■ RAW DATA ■
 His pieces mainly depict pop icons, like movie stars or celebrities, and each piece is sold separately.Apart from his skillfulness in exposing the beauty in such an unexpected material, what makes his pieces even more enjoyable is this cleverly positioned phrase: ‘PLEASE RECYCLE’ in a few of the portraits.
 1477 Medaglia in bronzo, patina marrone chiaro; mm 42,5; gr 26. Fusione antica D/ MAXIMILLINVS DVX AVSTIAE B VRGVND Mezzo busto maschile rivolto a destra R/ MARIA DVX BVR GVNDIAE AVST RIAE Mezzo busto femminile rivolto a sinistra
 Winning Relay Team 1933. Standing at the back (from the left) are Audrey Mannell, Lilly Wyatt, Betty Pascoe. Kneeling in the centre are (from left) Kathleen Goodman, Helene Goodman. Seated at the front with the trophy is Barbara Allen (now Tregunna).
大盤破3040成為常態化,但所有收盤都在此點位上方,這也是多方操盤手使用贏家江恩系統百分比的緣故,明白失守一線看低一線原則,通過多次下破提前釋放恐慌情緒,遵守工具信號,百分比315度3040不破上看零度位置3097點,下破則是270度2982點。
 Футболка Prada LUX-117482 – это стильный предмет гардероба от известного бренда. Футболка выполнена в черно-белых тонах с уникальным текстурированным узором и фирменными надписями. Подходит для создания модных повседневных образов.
---
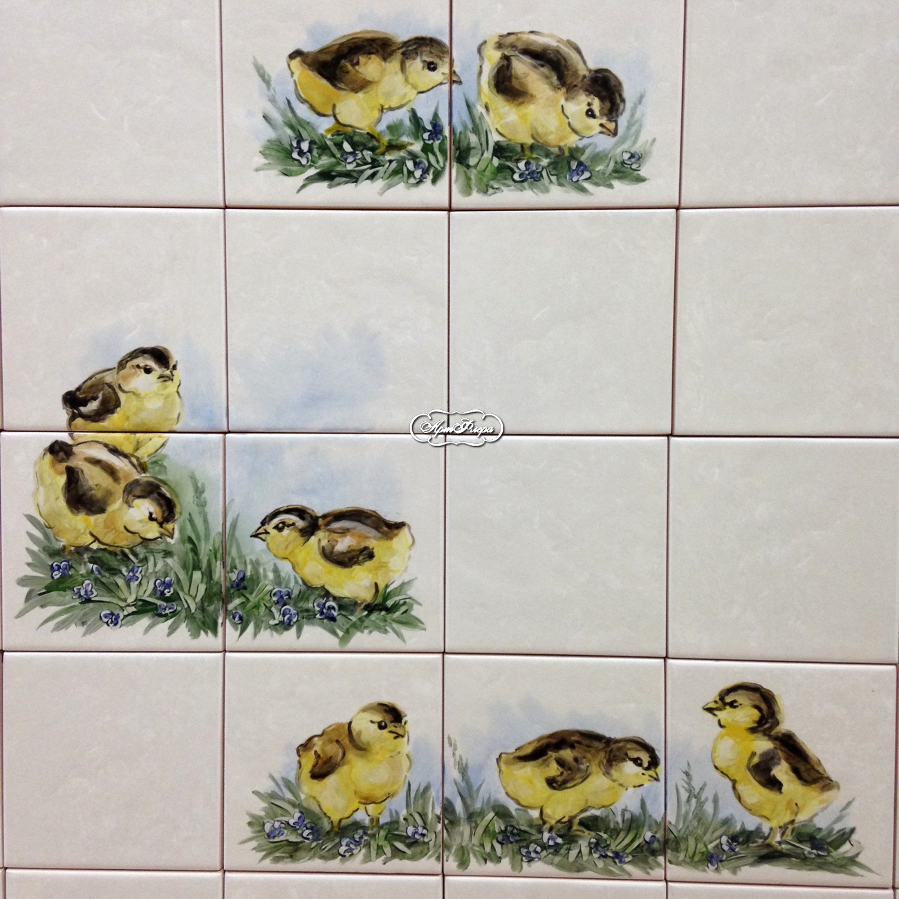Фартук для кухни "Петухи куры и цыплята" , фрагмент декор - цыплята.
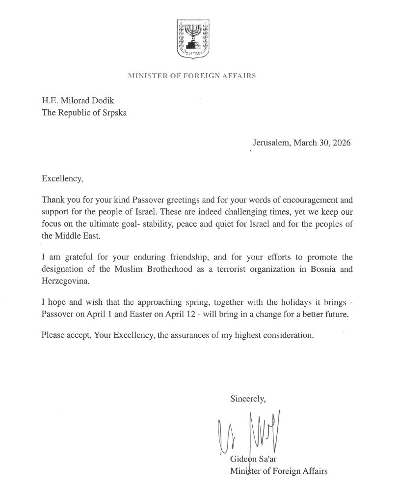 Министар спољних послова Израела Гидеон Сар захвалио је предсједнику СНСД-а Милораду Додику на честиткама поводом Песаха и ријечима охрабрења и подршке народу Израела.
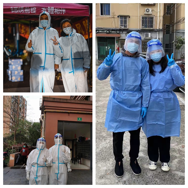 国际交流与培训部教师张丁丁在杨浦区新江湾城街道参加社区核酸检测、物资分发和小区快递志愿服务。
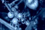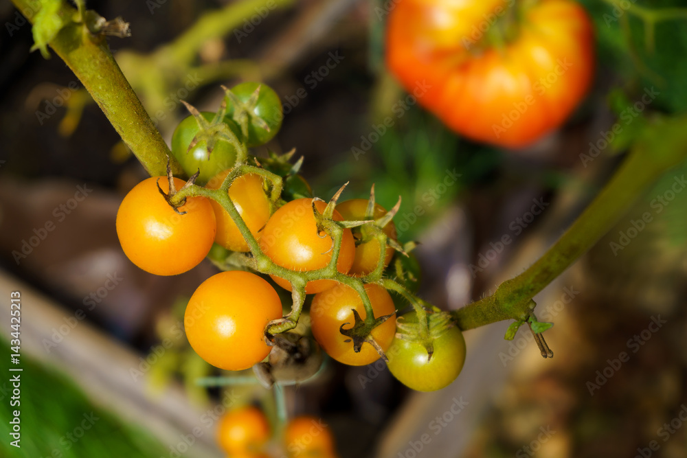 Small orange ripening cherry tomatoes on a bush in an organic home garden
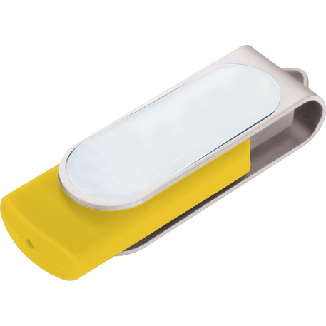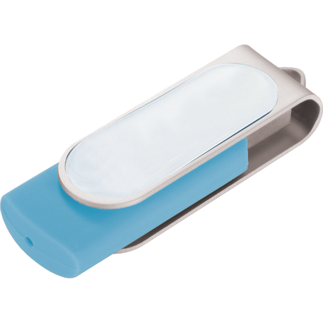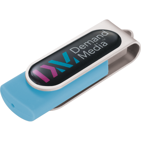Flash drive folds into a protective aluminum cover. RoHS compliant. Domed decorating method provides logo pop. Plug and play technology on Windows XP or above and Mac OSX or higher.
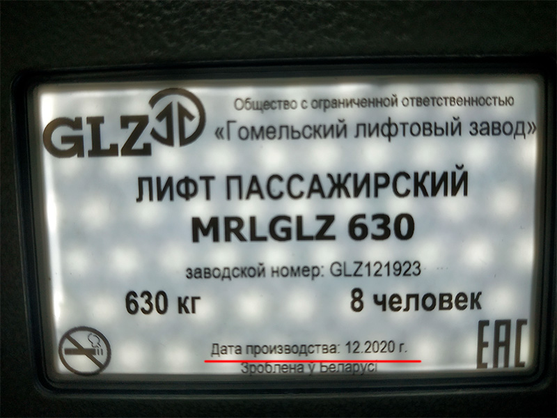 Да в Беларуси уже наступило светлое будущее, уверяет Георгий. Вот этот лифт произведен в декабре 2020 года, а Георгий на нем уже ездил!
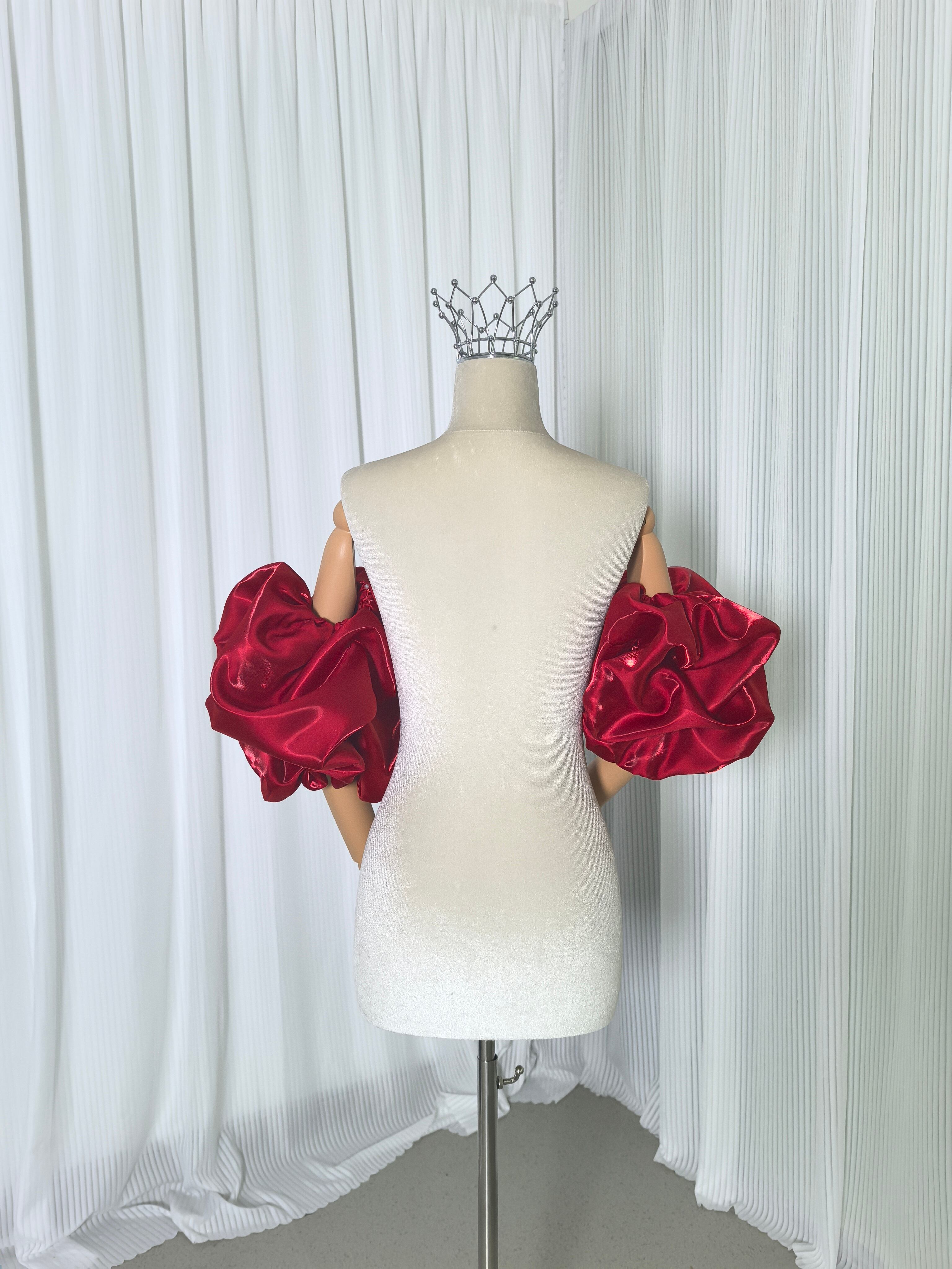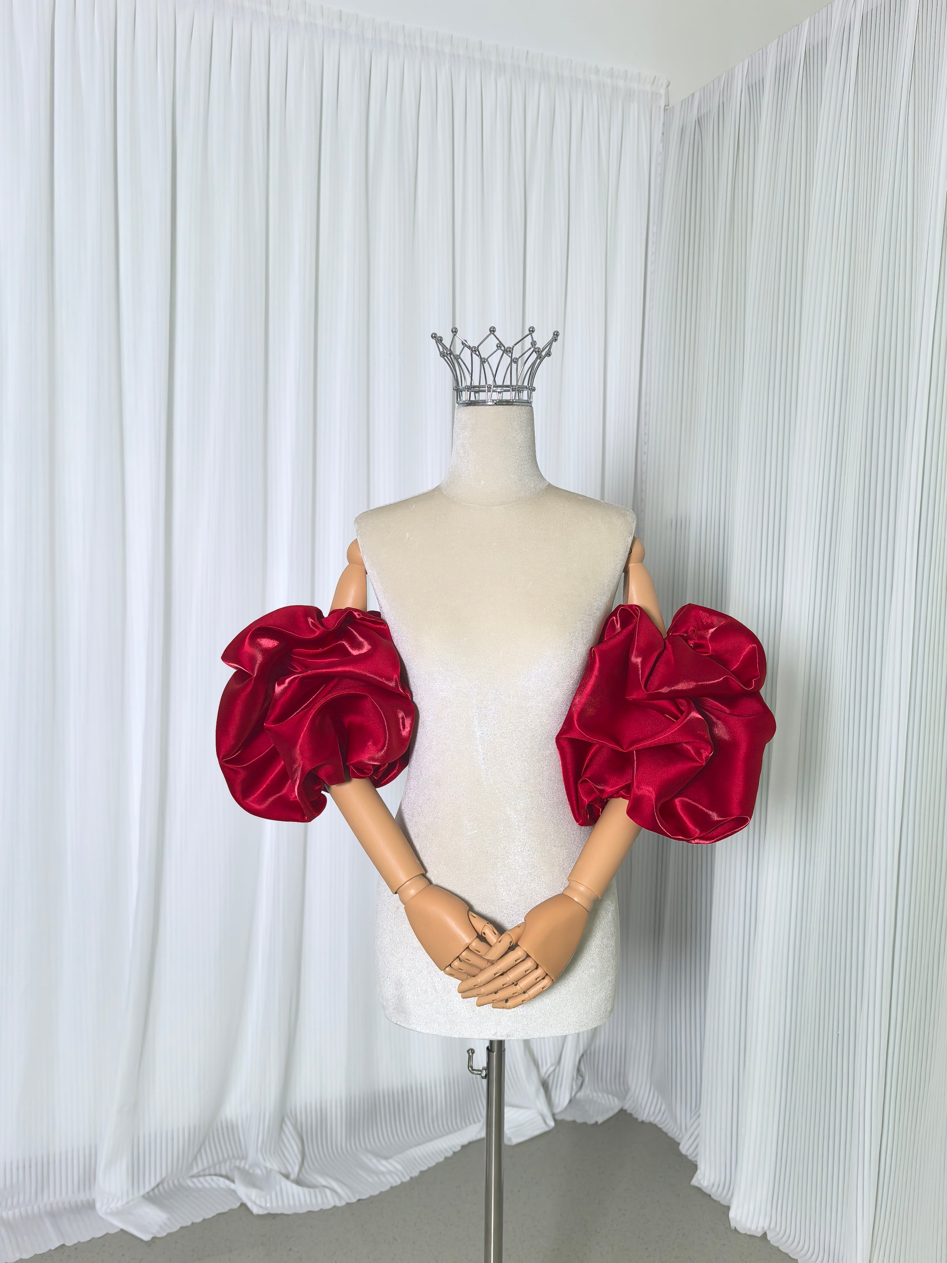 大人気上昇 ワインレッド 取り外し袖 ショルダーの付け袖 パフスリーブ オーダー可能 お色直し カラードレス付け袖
--
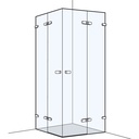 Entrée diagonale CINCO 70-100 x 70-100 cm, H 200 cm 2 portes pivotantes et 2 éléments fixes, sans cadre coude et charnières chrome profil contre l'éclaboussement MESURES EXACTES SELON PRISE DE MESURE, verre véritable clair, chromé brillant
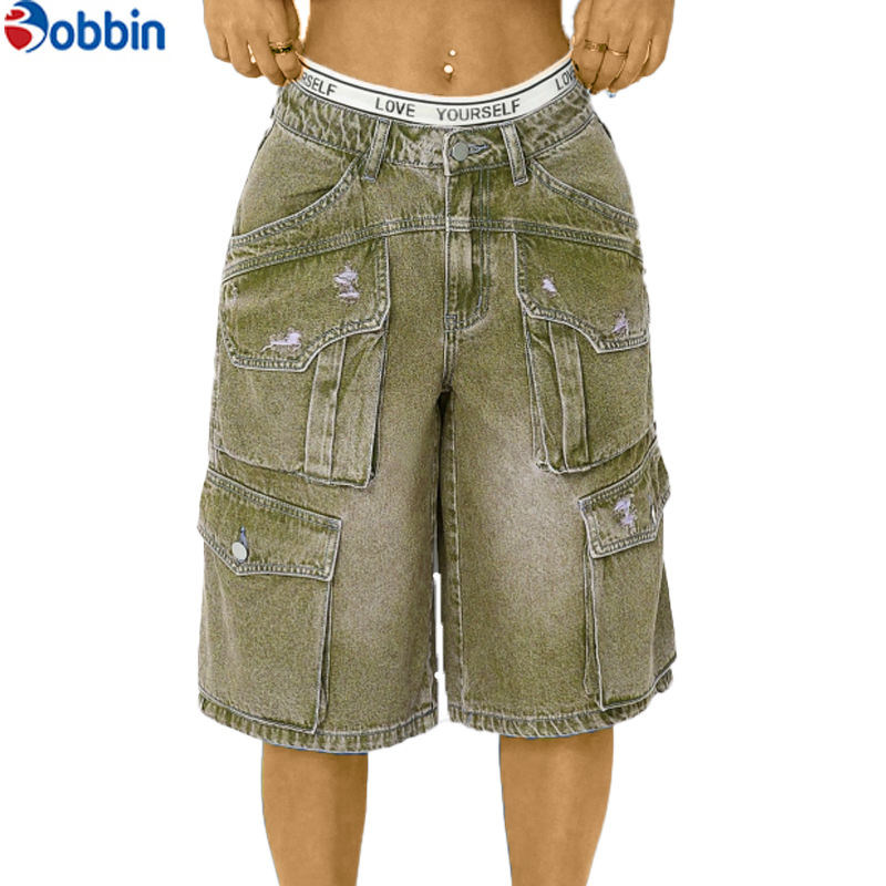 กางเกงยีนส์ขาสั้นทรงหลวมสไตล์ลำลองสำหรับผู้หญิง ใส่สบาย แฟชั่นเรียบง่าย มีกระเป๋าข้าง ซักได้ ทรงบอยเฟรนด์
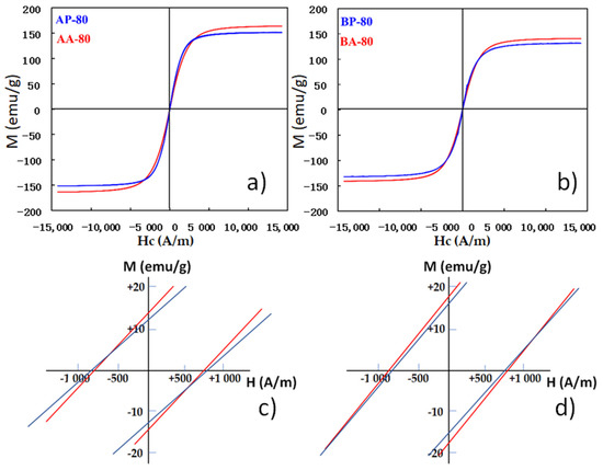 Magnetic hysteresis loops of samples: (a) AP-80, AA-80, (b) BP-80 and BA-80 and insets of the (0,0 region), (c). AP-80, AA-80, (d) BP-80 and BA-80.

■ TASK OBJECTIVE ■
Give back exactly the lines above that run from the one with "国际交流与培训部教师张丁丁在" to the one with "大人気上昇 ワインレッド 取り外し袖", including both, with the pictures left out.

■ REPLY ■
 国际交流与培训部教师张丁丁在杨浦区新江湾城街道参加社区核酸检测、物资分发和小区快递志愿服务。
 Small orange ripening cherry tomatoes on a bush in an organic home garden
Flash drive folds into a protective aluminum cover. RoHS compliant. Domed decorating method provides logo pop. Plug and play technology on Windows XP or above and Mac OSX or higher.
 Да в Беларуси уже наступило светлое будущее, уверяет Георгий. Вот этот лифт произведен в декабре 2020 года, а Георгий на нем уже ездил!
 大人気上昇 ワインレッド 取り外し袖 ショルダーの付け袖 パフスリーブ オーダー可能 お色直し カラードレス付け袖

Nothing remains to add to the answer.